As Olly Wainwright identified in a recent analysis of architectural education in The Guardian responding to the Phase 2 report of the Grenfell Inquiry, architectural education doesn’t consistently prepare students for the real-world practicalities of building or proactively respond to real-world challenges. My opinions on Grenfell won’t take up space here because I feel strongly that we should be listening to the lived experiences of the survivors and bereaved as represented by Grenfell United and recent articles by Natasha Elcock. But the parallels with the climate crisis are there.
In 2021, ACAN’s Climate Curriculum Campaign found that 77 per cent of student respondents didn’t feel courses were properly readying them for future work and 69 per cent believed tutors weren’t responding appropriately to the scale of the climate emergency. The AJ’s 2022 student survey then revealed that about one in eight respondents were graduating with scarce training on retrofitting existing buildings, and 4 per cent of respondents weren’t getting any sustainability tuition.
‘The past is doomed to be repeated if education repeats the past’
Educational trends converge in Professor Susannah Hagan’s Revolution? Architecture and the Anthropocene, her 2023 critique of the architectural profession, its clients, and the educational system’s approaches to environmental issues, where she writes: ‘The past is doomed to be repeated if education repeats the past. Tutors trained in the old ways train students in the old ways.’
With 2023 recorded as the hottest year on record, and 2024 looking to surpass it, teaching students in the old ways prepares them for environmental conditions that don’t exist, even if that teaching considers climate breakdown at all.

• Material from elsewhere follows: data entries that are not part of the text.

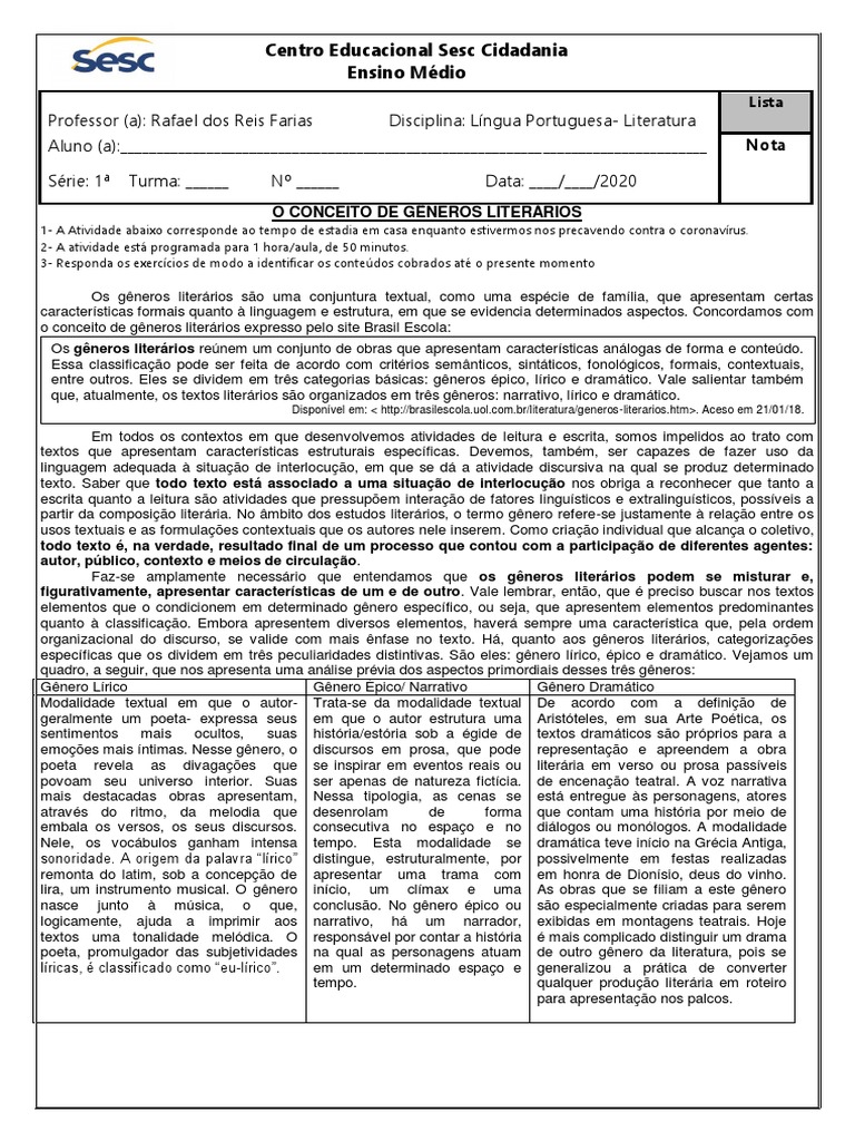 Série: 1ª Turma: ______ Nº ______ Data: ____/____/2020
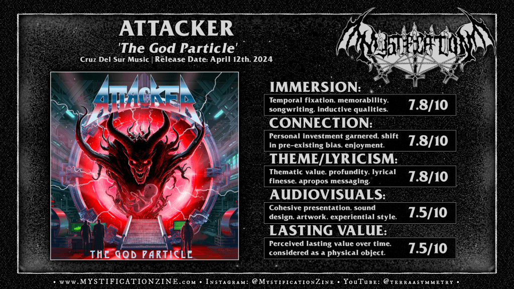 Weehawken, New Jersey-borne quintet ATTACKER are probably best known as a watermark for United States power metal per their Metal Blade released debut ‘Battle at Helm’s Deep‘ and while the first five years of their development is still of course notable they’ve been revived and at it for ~24 years since, having released five full-lengths in that period of time. ‘The God Particle‘ is their eighth overall but the fourth with vocalist Bobby Lucas (Reverend, ex-Morbid Sin) up front and for my own taste his voice has been the major point of continuity for their last several albums, more-or-less building up to the particularly sharp result of this album. While there are many groups one could point to from a certain era which also define USPM in some way the common bond, or, influence tends to be Judas Priest‘s transition into the 80’s, not that this album sounds like ‘Killing Machine‘ exactly but that the lineage of this sound should be rousing to folks who appreciate the core of what drives groups like Jag Panzer, Liege Lord or Agent Steel even if that implies something more thrashing than this actually is. As is the case with most all of the items I’ve selected for this list you’re getting pure, un-fucked with heavy metal here and a solid chunk of it all in a row.
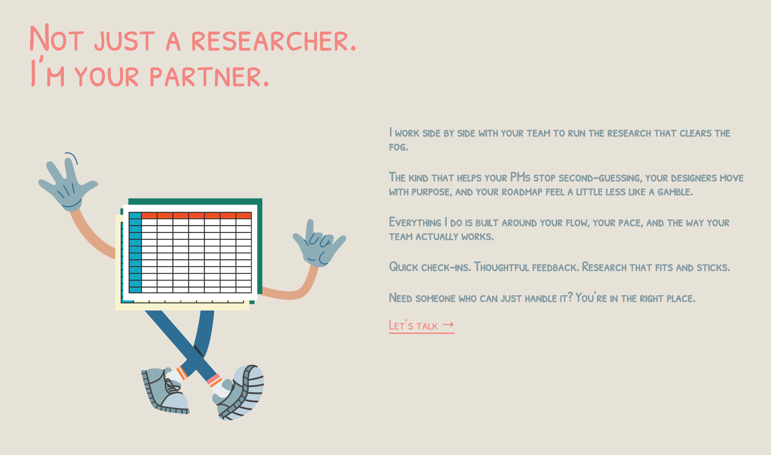 Her website is like a little world, inviting you into a space where research is fun, human, and welcoming.
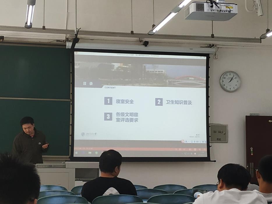 最后,培训会介绍了文明宿舍评选的细则。江金宸部长介绍到每次检查都是突击检查,宿舍检查一般是由生活部,学校学生自我管理委员会以及领导老师来开展。一旦发现有违章电器就一定会取消评选文明寝室的资格,评选过程将注重寝室卫生,宿舍风气等综合因素。寝室地面的干净程度,床铺的整洁情况,桌面上物品摆放是否整齐,将直接影响文明宿舍的评选。

Responding to the challenges of the climate emergency is also not just a simple matter of teaching students to count carbon emissions, to better understand material choices (and the physical junctions between them), or to understand the fundamentals of the climate science.
We need this – and more. We urgently need educators to continue cultivating their own climate literacy alongside their students, and the reimagining of curricula and design briefs. This would imagine adaptations fit and ready for 3⁰C futures and help service a Just Transition, rooted in local needs.
Like every system people have designed, architectural education can change, despite what academic cycles and traditions suggest and stipulate, and it could do a great deal of good. It doesn’t matter if it’s an education system, an economic system, or a planning system, the Rosebank Oil Field, the UK’s hostile environment, or a demolition decision: if something began in the human imagination, it’s inherently malleable and it can be changed.
If architectural education is to prepare students to handle the practicalities of construction – no longer presuming that on-the-job learning will fill in curriculum gaps – and to tackle real-world sustainability challenges as climate breakdown intensifies, schools must make time to fundamentally reimagine how architecture is taught, together.